Width-based Lookaheads with Learnt Base Policies and Heuristics Over the Atari-2600 Benchmark

Authors: Stefan O'Toole, Nir Lipovetzky, Miquel Ramirez, Adrian Pearce

NeurIPS 2021 | Conference PDF | Archive PDF | Plain Text | LLM Run Details

Reproducibility Variable Result LLM Response
Research Type Experimental The algorithms are applied over the Atari-2600 games and our best performing algorithm, Novelty guided Critical Path Learning (N-CPL), outperforms the previously introduced width-based planning and learning algorithms 𝜋-IW(1), 𝜋-IW(1)+ and 𝜋-HIW(n, 1).
Researcher Affiliation Academia Stefan O Toole Computing and Information Systems University of Melbourne, Australia stefan@student.unimelb.edu.au Nir Lipovetzky Computing and Information Systems University of Melbourne, Australia nir.lipovetzky@unimelb.edu.au Miquel Ramirez Electrical and Electronic Engineering University of Melbourne, Australia miquel.ramirez@unimelb.edu.au Adrian R. Pearce Computing and Information Systems University of Melbourne, Australia adrianrp@unimelb.edu.au
Pseudocode Yes Algorithm 1: Overview of the RIW(1) Algorithm
Open Source Code No The paper does not provide concrete access to source code (specific repository link, explicit code release statement, or code in supplementary materials) for the methodology described in this paper.
Open Datasets Yes The Atari-2600 games can be accessed through the Arcade Learning Environment (ALE) [1]
Dataset Splits No The paper describes its training budget and evaluation process but does not specify explicit train/validation/test dataset splits (e.g., percentages or sample counts) for a static dataset.

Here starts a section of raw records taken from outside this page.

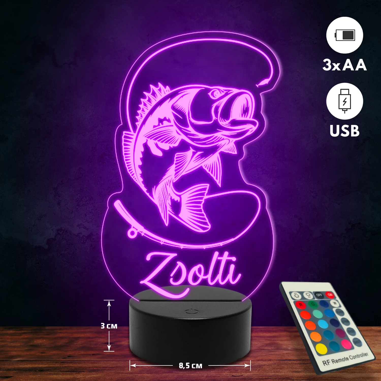 A 3D hatású led lámpa különlegessége, hogy tematikus mintákkal készül, és kérésedre egyedi felirattal (név, dátum, rövid üzenet) is kiegészíthető. Rendszám gravírozására is van lehetőség autós mintáinknál, így személyes és különleges ajándék, amely bármilyen alkalomra tökéletes választás. 🎁
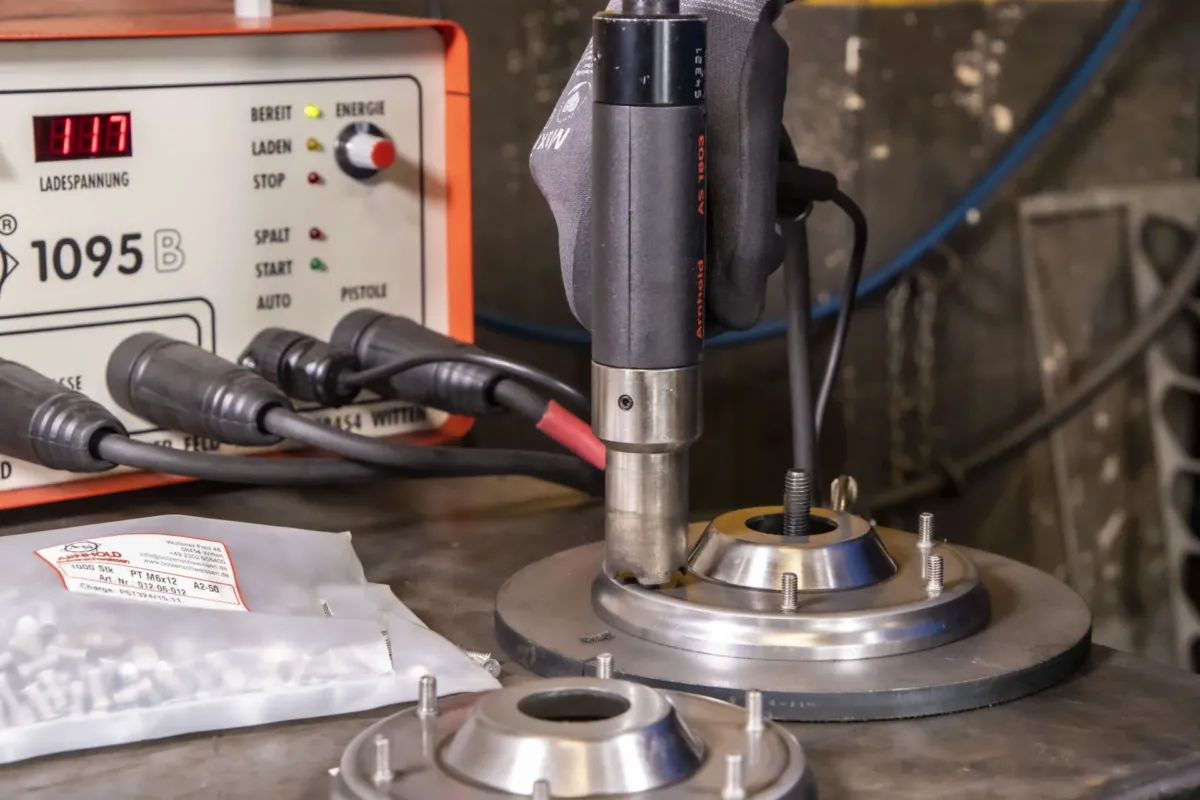 Das Bolzenschweißen stellt eine spezielle Variante des Lichtbogenschweißens dar. Das Verfahren wird genutzt, um eine sehr feste und dauerhafte Verbindung zwischen dem Bauteil und dem Bolzen zu erzeugen. Dieses Verfahren zeichnet sich durch seine Effizienz aus. Denn das Bolzenschweißen kann in kurzer Zeit ausgeführt werden. Da die Oberfläche elektrisch leitfähig sein muss, sollte kein Lack oder Rost auf dem Werkstück sein. Auch diesen Arbeitsschritt übernehmen wir.
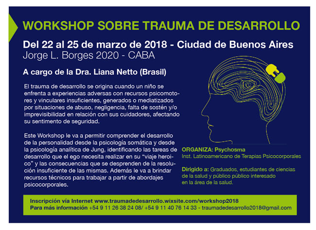 Este Workshop le va permitir comprender el desarrollo de la personalidad desde la psicología somática y desde la psicología analítica de Jung, identificando las tareas de desarrollo que el ego necesita realizar en su “viaje heroico” y las consecuencias que se desprenden de la resolución insuficiente de las mismas. Además brindará recursos técnicos para trabajar a partir de diferentes abordajes psicocorporales.
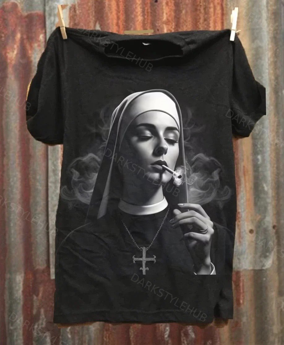Smoking Nun Art Print Casual Cotton Tank Top

Hardware Specification Yes We ran 80 independent trials at once over 80 Intel Xeon 2.10GHz processors with 720GB of shared RAM, limiting each trial to run on a single v CPU.
Software Dependencies No The paper mentions using Neural Networks, but does not provide specific ancillary software details like library or solver names with version numbers (e.g., Python 3.8, PyTorch 1.9).

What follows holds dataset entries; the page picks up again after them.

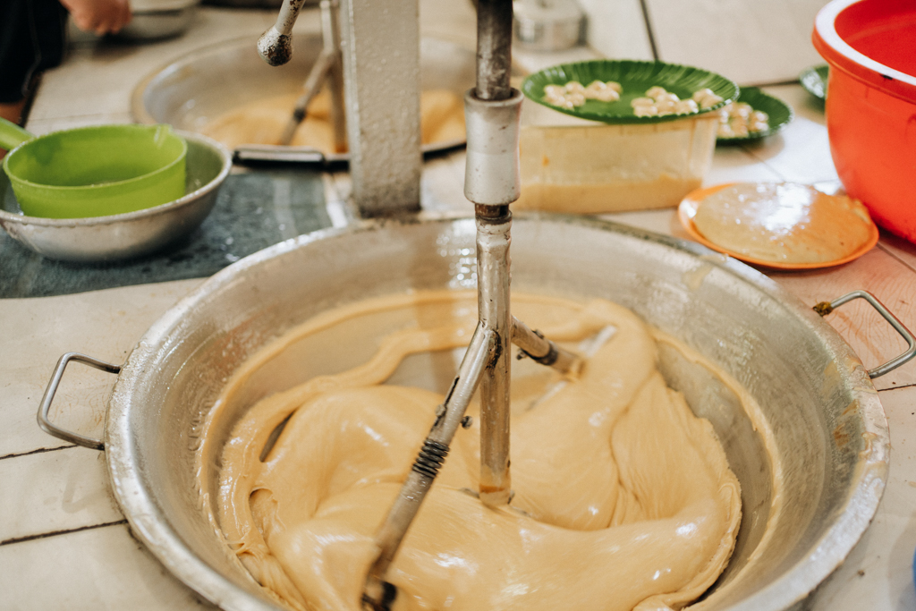 Über dem heissen Ofen wird Kokosmilch mit Zucker vermengt und kräftig gerührt. Der Motor des Rührgeräts läuft und rattert den ganzen Tag. Sobald die flüssige Masse in den festen Zustand gerührt ist, wird sie dann auf ein Blech verteilt. Auf dem Blech sind schmale Rillen gestanzt. Da entsteht dann ein ewig langer, dünner Kokos-Bonbon-Streifen. Sobald der hart ist, kommt er raus und wird in immer gleiche Teile geschnitten.
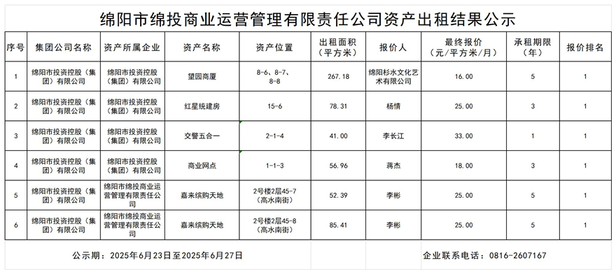 綿陽市綿投商業(yè)運(yùn)營管理有限責(zé)任公司資產(chǎn)出租結(jié)果公示
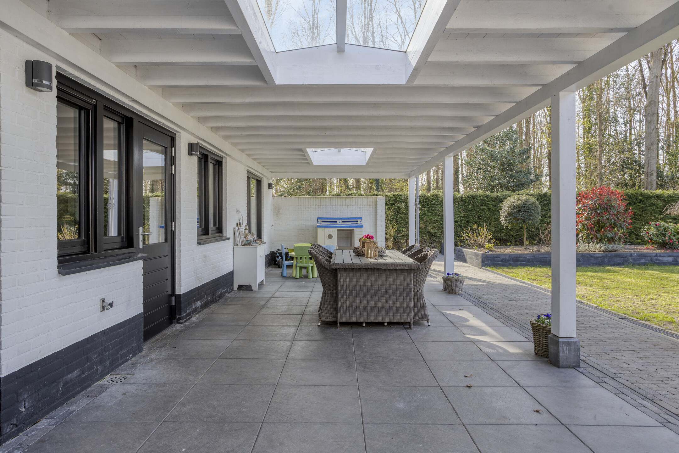 The absolute eye-catcher is the fully insulated outbuilding, finished to a very high standard and offering a wealth of possibilities. With a footprint (including veranda) of approximately 124 m², it is divided into several practical and luxurious spaces.

Experiment Setup Yes Following previous width-based planning papers [6, 8, 10] we use a frameskip of 15. We keep our experimental settings the same as Junyent et al. [10] including a training budget of 2 × 10^7 simulator interactions and allowing 100 simulator interactions at each planning time step, which allows almost real-time planning.